■ **Try it**: Please write out the full listing beneath this line exactly, skipping its images.

*** Supplied data Section Begins ***

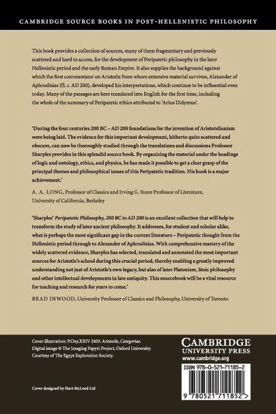 This book provides a collection of sources, many of them fragmentary and previously scattered and hard to access, for the development of Peripatetic philosophy in the later Hellenistic period and the early Roman Empire. It also supplies the background against which the first commentator on Aristotle from whom extensive material survives, Alexander of Aphrodisias (fl. c. AD 200), developed his interpretations which continue to be influential even today. Many of the passages are here translated into English for the first time, including the whole of the summary of Peripatetic ethics attributed to 'Arius Didymus'.
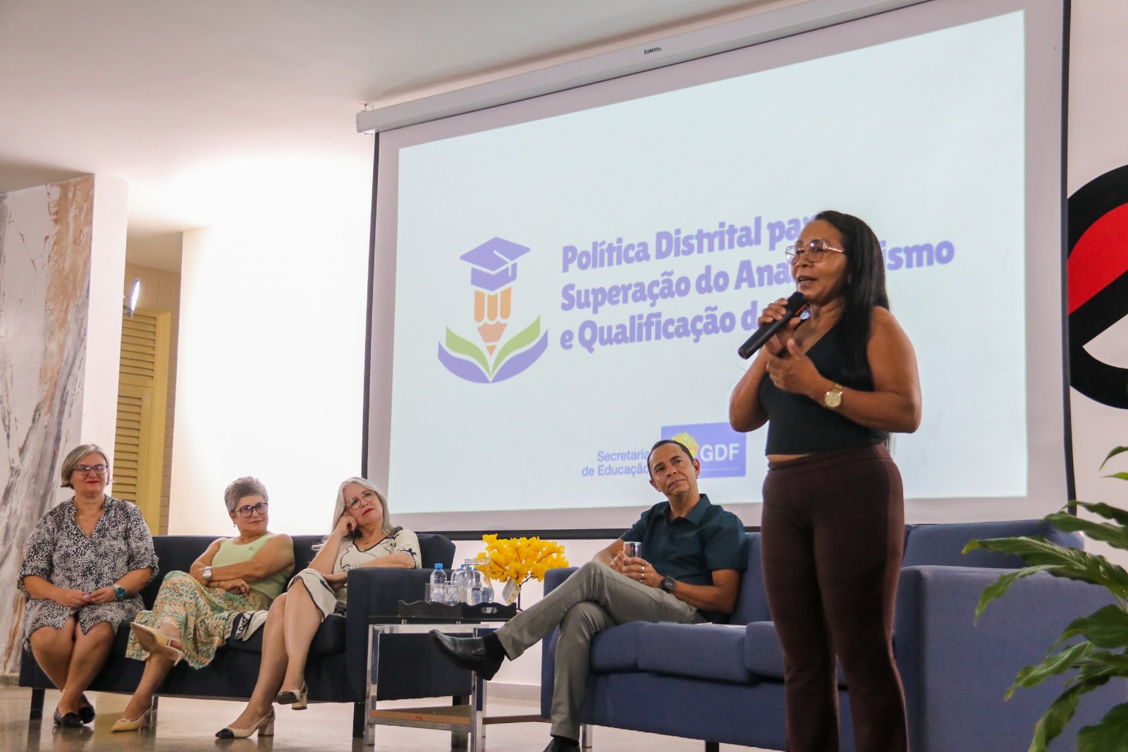 Participaram do evento a secretária de Educação, Hélvia Paranaguá, a subsecretária de Educação Básica, Iêdes Braga, a diretora de Políticas de Alfabetização e Educação de Jovens e Adultos do Ministério da Educação, Ana Lucia Sanches, o professor do Centro Educacional (CED) 04 do Guará, Alessandro Reis e a estudante da EJA e egressa do programa DF Alfabetizado, Maria dos Remédios da Silva.
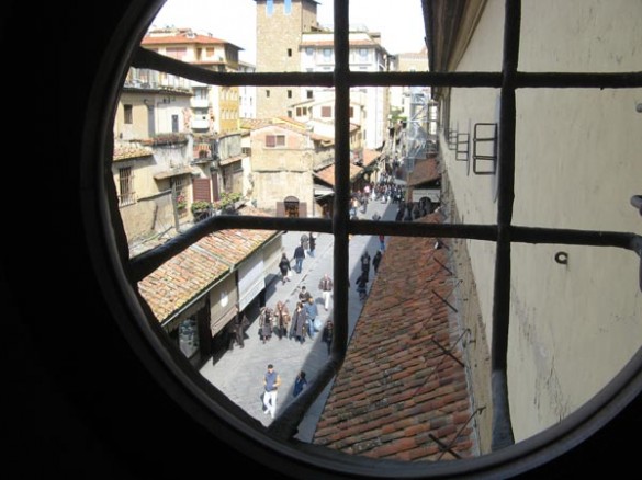 View of the Ponte Vecchio from the Vasari Corridor, where the Medici could look down on the little people. Image via Uffizi.org
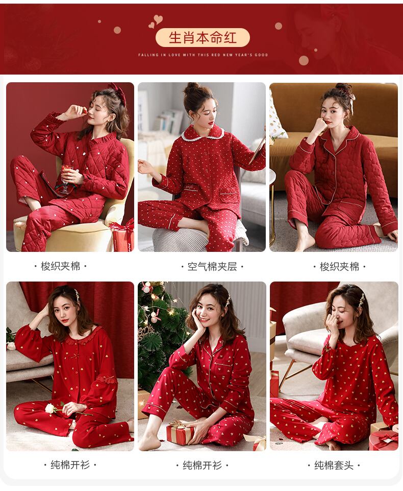 カップルパジャマ女性の春と秋の純綿長袖ホームサービス男性の新婚夫婦と花嫁の結婚式のお祝いの赤いスーツ jial28082933854

*** Supplied data Section Ends ***

■ **Answer space**:
 This book provides a collection of sources, many of them fragmentary and previously scattered and hard to access, for the development of Peripatetic philosophy in the later Hellenistic period and the early Roman Empire. It also supplies the background against which the first commentator on Aristotle from whom extensive material survives, Alexander of Aphrodisias (fl. c. AD 200), developed his interpretations which continue to be influential even today. Many of the passages are here translated into English for the first time, including the whole of the summary of Peripatetic ethics attributed to 'Arius Didymus'.
 Participaram do evento a secretária de Educação, Hélvia Paranaguá, a subsecretária de Educação Básica, Iêdes Braga, a diretora de Políticas de Alfabetização e Educação de Jovens e Adultos do Ministério da Educação, Ana Lucia Sanches, o professor do Centro Educacional (CED) 04 do Guará, Alessandro Reis e a estudante da EJA e egressa do programa DF Alfabetizado, Maria dos Remédios da Silva.
 View of the Ponte Vecchio from the Vasari Corridor, where the Medici could look down on the little people. Image via Uffizi.org
 カップルパジャマ女性の春と秋の純綿長袖ホームサービス男性の新婚夫婦と花嫁の結婚式のお祝いの赤いスーツ jial28082933854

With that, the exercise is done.